L'effetto serra provoca una serie di improvvisi e rapidissimi cambiamenti climatici che scateneranno un'altrettanto rapida glaciazione in tutto l'emisfero settentrionale. In tutto questo, uno scienziato che aveva tentato di avvertire i governi mondiali, si recherà a New York alla ricerca del figlio rimasto intrappolato nella città della Grande Mela...
Credo di averlo rivisto dopo circa una quindicina d'anni e devo ammettere che ho trovato questo ennesimo film catastrofico di Roland Emmerich molto meglio di quanto ricordavo. Certo, è volutamente esagerato, sotto tutti i punti di vista, ma funziona alla grande.
Emmerich non poteva scegliere attore migliore di Dennis Quaid come protagonista mentre un giovanissimo Jake Gyllenhaal già bucava lo schermo. Devo dire che "stranamente" i personaggi di contorno sono tutti ben caratterizzati, senza nemmeno troppi cliché.

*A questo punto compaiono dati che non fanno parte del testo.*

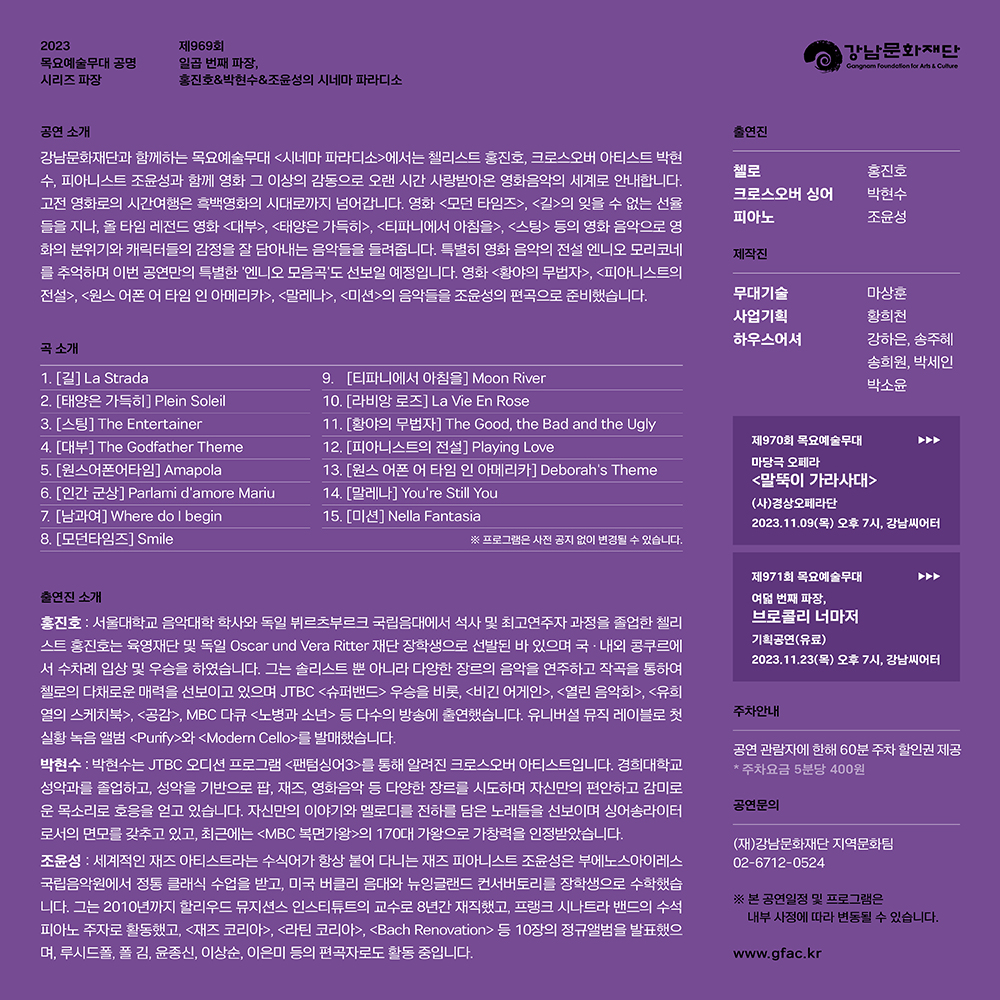 ![[제969회 목요예술무대] 일곱 번째 파장, 홍진호&박현수&조윤성의 시네마 파라디소 전자점자뷰어보기](/assets/images/common/braille_btn.png)
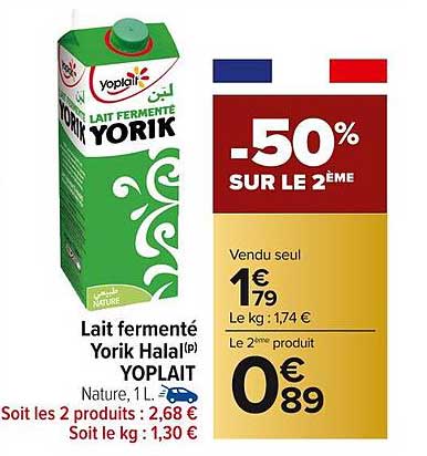 Offre de Lait Fermenté Yorik Halal Yoplait chez Carrefour Market

La regia di Emmerich l'ho trovata semplicemente perfetta, almeno nel contesto di un blockbuster di questo tipo. Non manca il messaggio ecologista e la critica a una certa amministrazione governativa americana: la scena in cui i cittadini U.S.A. scavalcano il confine con il Messico è geniale.
Peccato per gli effetti speciali in CGI che appaiono un po' invecchiati, anche se ci sono pellicole molto più recenti nelle quali si è visto di peggio.
Mi azzardo a dire che questo è probabilmente il miglior film di Emmerich, sicuramente uno dei suoi lavori più sottovalutati.
VOTO: 7+
Elucubrazioni, recensioni, curiosità varie sui miei film, registi, romanzi e scrittori preferiti.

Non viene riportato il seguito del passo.